(Items from a dataset)
----
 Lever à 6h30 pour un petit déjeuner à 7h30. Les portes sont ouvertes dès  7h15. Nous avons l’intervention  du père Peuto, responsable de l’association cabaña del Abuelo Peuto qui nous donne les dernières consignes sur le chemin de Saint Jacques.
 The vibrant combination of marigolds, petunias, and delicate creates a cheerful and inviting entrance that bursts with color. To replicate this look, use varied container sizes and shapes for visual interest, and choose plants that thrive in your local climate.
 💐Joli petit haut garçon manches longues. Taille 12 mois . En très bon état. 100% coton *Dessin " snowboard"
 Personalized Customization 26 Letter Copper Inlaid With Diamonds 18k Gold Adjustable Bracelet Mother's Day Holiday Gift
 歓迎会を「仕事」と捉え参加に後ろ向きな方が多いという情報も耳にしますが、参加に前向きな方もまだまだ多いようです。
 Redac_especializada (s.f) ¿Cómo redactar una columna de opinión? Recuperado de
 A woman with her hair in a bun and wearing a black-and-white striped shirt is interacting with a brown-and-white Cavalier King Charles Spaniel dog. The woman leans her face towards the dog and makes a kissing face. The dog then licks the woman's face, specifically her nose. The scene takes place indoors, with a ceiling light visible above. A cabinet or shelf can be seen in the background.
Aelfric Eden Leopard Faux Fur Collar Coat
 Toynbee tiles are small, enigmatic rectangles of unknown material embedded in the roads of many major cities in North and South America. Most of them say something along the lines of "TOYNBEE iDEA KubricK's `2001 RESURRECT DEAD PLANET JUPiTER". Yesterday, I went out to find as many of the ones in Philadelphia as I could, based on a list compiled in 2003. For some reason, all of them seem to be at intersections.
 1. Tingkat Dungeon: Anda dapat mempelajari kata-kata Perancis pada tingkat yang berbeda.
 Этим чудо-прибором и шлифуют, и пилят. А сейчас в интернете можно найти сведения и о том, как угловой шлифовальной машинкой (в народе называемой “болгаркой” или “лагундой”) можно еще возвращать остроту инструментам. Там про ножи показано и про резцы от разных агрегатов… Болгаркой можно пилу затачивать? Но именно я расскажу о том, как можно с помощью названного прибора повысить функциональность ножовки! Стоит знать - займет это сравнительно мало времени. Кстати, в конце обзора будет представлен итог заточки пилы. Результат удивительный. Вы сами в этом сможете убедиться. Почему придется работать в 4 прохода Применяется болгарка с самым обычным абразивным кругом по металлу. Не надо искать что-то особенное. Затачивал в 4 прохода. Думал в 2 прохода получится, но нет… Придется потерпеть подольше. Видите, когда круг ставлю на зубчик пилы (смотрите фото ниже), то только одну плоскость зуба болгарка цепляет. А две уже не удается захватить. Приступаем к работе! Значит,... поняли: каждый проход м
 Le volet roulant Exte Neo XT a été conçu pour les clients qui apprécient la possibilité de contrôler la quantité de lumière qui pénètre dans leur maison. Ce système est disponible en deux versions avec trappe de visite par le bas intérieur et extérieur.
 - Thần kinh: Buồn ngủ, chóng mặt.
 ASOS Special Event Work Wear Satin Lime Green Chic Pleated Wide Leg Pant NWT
----
**Work item:** The reply should consist of the records, reproduced exactly.

**Exercise output:**
 Lever à 6h30 pour un petit déjeuner à 7h30. Les portes sont ouvertes dès  7h15. Nous avons l’intervention  du père Peuto, responsable de l’association cabaña del Abuelo Peuto qui nous donne les dernières consignes sur le chemin de Saint Jacques.
 The vibrant combination of marigolds, petunias, and delicate creates a cheerful and inviting entrance that bursts with color. To replicate this look, use varied container sizes and shapes for visual interest, and choose plants that thrive in your local climate.
 💐Joli petit haut garçon manches longues. Taille 12 mois . En très bon état. 100% coton *Dessin " snowboard"
 Personalized Customization 26 Letter Copper Inlaid With Diamonds 18k Gold Adjustable Bracelet Mother's Day Holiday Gift
 歓迎会を「仕事」と捉え参加に後ろ向きな方が多いという情報も耳にしますが、参加に前向きな方もまだまだ多いようです。
 Redac_especializada (s.f) ¿Cómo redactar una columna de opinión? Recuperado de
 A woman with her hair in a bun and wearing a black-and-white striped shirt is interacting with a brown-and-white Cavalier King Charles Spaniel dog. The woman leans her face towards the dog and makes a kissing face. The dog then licks the woman's face, specifically her nose. The scene takes place indoors, with a ceiling light visible above. A cabinet or shelf can be seen in the background.
Aelfric Eden Leopard Faux Fur Collar Coat
 Toynbee tiles are small, enigmatic rectangles of unknown material embedded in the roads of many major cities in North and South America. Most of them say something along the lines of "TOYNBEE iDEA KubricK's `2001 RESURRECT DEAD PLANET JUPiTER". Yesterday, I went out to find as many of the ones in Philadelphia as I could, based on a list compiled in 2003. For some reason, all of them seem to be at intersections.
 1. Tingkat Dungeon: Anda dapat mempelajari kata-kata Perancis pada tingkat yang berbeda.
 Этим чудо-прибором и шлифуют, и пилят. А сейчас в интернете можно найти сведения и о том, как угловой шлифовальной машинкой (в народе называемой “болгаркой” или “лагундой”) можно еще возвращать остроту инструментам. Там про ножи показано и про резцы от разных агрегатов… Болгаркой можно пилу затачивать? Но именно я расскажу о том, как можно с помощью названного прибора повысить функциональность ножовки! Стоит знать - займет это сравнительно мало времени. Кстати, в конце обзора будет представлен итог заточки пилы. Результат удивительный. Вы сами в этом сможете убедиться. Почему придется работать в 4 прохода Применяется болгарка с самым обычным абразивным кругом по металлу. Не надо искать что-то особенное. Затачивал в 4 прохода. Думал в 2 прохода получится, но нет… Придется потерпеть подольше. Видите, когда круг ставлю на зубчик пилы (смотрите фото ниже), то только одну плоскость зуба болгарка цепляет. А две уже не удается захватить. Приступаем к работе! Значит,... поняли: каждый проход м
 Le volet roulant Exte Neo XT a été conçu pour les clients qui apprécient la possibilité de contrôler la quantité de lumière qui pénètre dans leur maison. Ce système est disponible en deux versions avec trappe de visite par le bas intérieur et extérieur.
 - Thần kinh: Buồn ngủ, chóng mặt.
 ASOS Special Event Work Wear Satin Lime Green Chic Pleated Wide Leg Pant NWT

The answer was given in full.